CATWALK – NINJA THYBERG


Catwalk is cut from similar cloth to that infamous Paris Vogue editorial in which children were dolled up as models. It tells of two sassy pre-teens who duckface for selfies and savage their classmates’ fashion faux-pas during lunch breaks, while their plain-Jane friend feels the need to conform. Fuelled by pop culture and evident in the controversies surrounding figures like Miley Cyrus, the tension between childhood and the precocious ‘tween’ state is explored in this neat Swedish chronicle of peer pressure and the moment when a new leather hat rocks the playground.



THE EVOLUTION OF A GEN-X MUSIC PURCHASER – JACK MARCHETTI


Few things will stoke the fires of nostalgia in 30-somethings quite like a shared history of buying music. This film plays on those memories deftly, from Rage Against the Machine blaring over your headphones as you skated to an actual record shop to the simultaneous horror and ecstasy of the world’s music library being available at the touch of an idle fingertip. If it’s a poignant exploration of the gains and sacrifices of music distribution’s advancing tech that you crave – the death of the cassette tape, the glory of the iPod and the bitter loss of that musty vinyl smell – this one could be for you.

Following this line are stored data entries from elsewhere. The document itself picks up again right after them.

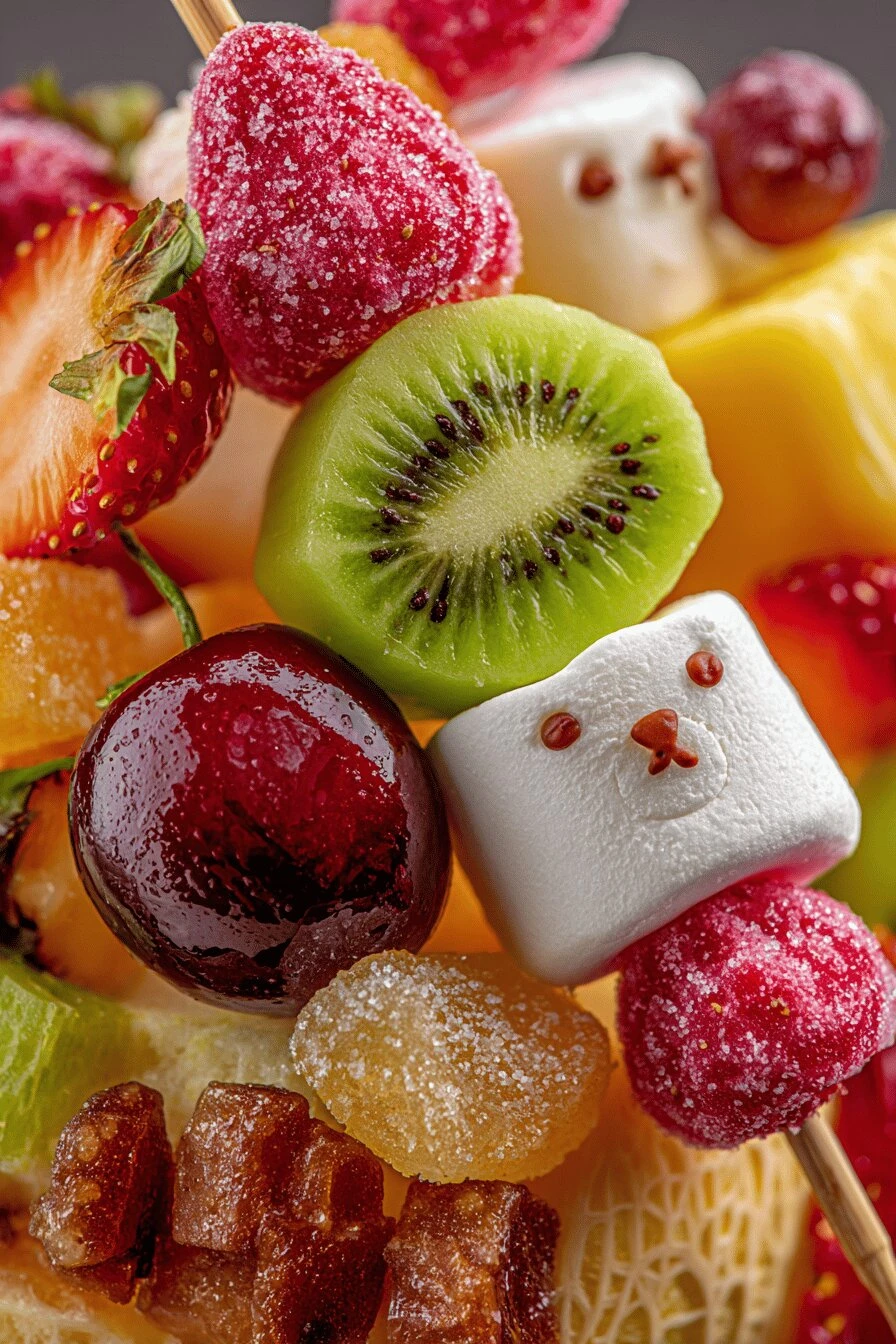 Now thread. Start with something sturdy — a pineapple cube or a marshmallow. Then alternate. A gummy bear, a cherry, a jujube, a kiwi, another gummy bear. You’re not being precise here. Just make sure the colors dance around. Red, green, white, yellow, pink. Make it look like a rainbow fruit kebab even if it’s not actually in rainbow order.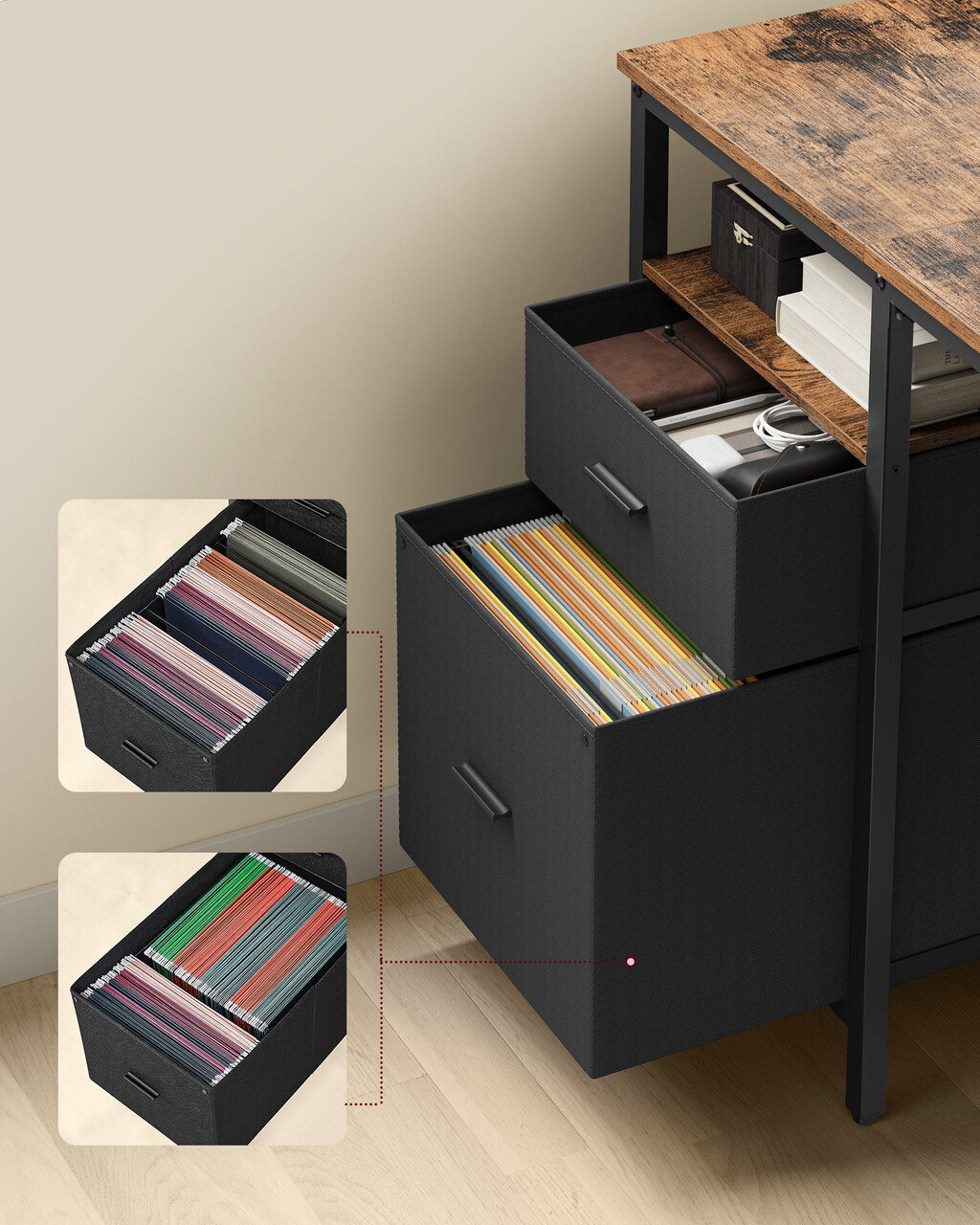 Constructie robusta: Fabricat din panouri solide din PAL si sustinut de un cadru metalic cu bara de rigidizare, biroul ofera stabilitate si durabilitate pe termen lung. Blatul suporta pana la 50 kg, iar fiecare raft poate sustine pana la 10 kg.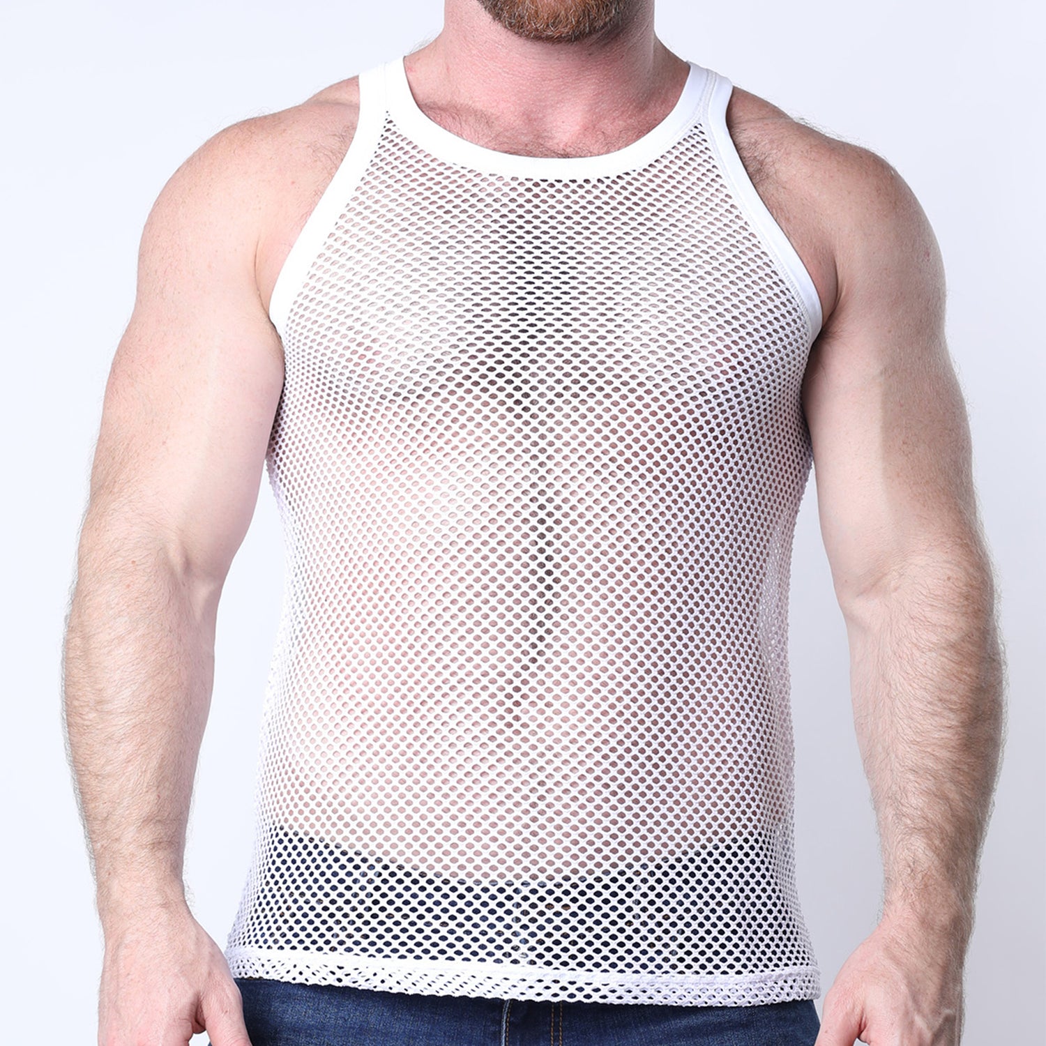 Timoteo Santorini Mesh Tank Top White - SMALL is backordered and will ship as soon as it is back in stock.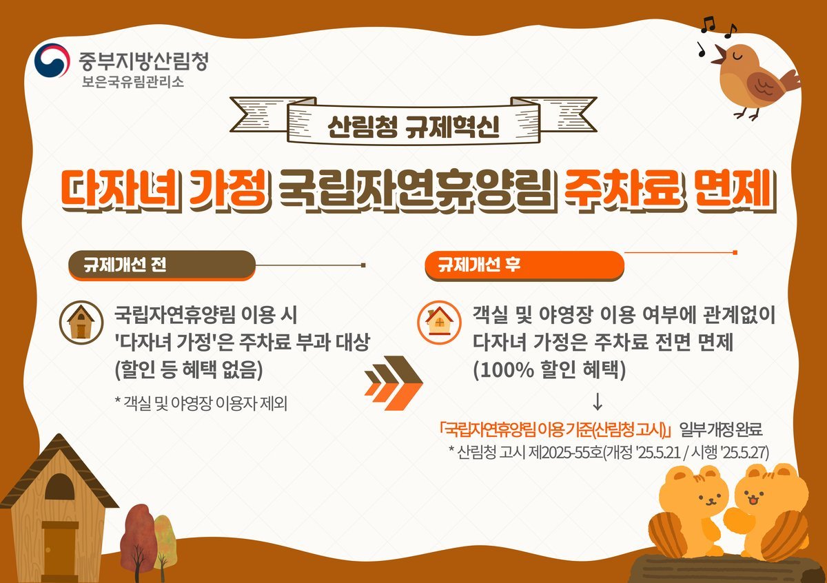 이에 따라, 산림청에서는「국립자연휴양림 이용 기준」을 일부 개정하여 객실 및 야영장 이용 여부와 관계없이 다자녀 가정은 주차료를 전면 면제받는 혜택을 누릴 수 있게 되었다.

A GIRL’S DAY - ROSA HANNAH ZIEGLER


The other side of the coin to Catwalk is A Girl’s Day, a look at a teenager denied a childhood by neglect. There’s something reminiscent of Pussy Riot about the protagonist, Yasmin, outwardly noticeable in the punky sensibility of her choppy blonde bob, but also in her candour and use of language – via extracts read from her diary – to achieve her goals. But Yasmin is not rebelling against the state, she’s rebelling against her drug-addict mother, and her words allow for a voyage of self-discovery that will resonate with audiences of all ages.



MADELEINE – OLLIE VERSCHOYLE


Madeleine is what would happen if David Lynch met Wes Anderson in the golden afternoon light of small-town America, and they decided to shoot their surroundings on their iPhones. It’s like an Instagram filter over an appropriately everyday suburbia where, as you wait for a train, the curtain is lifted to reveal a mysterious world hiding behind the mundane. Story is mostly rejected in favour of stylish reverie and a beguiling feeling of heightened perception for character and viewer alike.



SLINGSHOT – DAVID HANSEN


Imagine the dusty Americana of a Lana Del Rey video, but stripped of its retro kitsch and transplanted to a trailer park in New Zealand. Now add a couple of straight-talking Maori kids, and you have the basic ingredients of Slingshot, a tongue-in-cheek portrayal of cynical modern romance in the guise of a summer holiday courtship. Though the short begins with a ‘meet cute’, it soon morphs into a hilarious riff on break-ups and custody battles. “Sweet, huh?” “Yeah, I reckon.”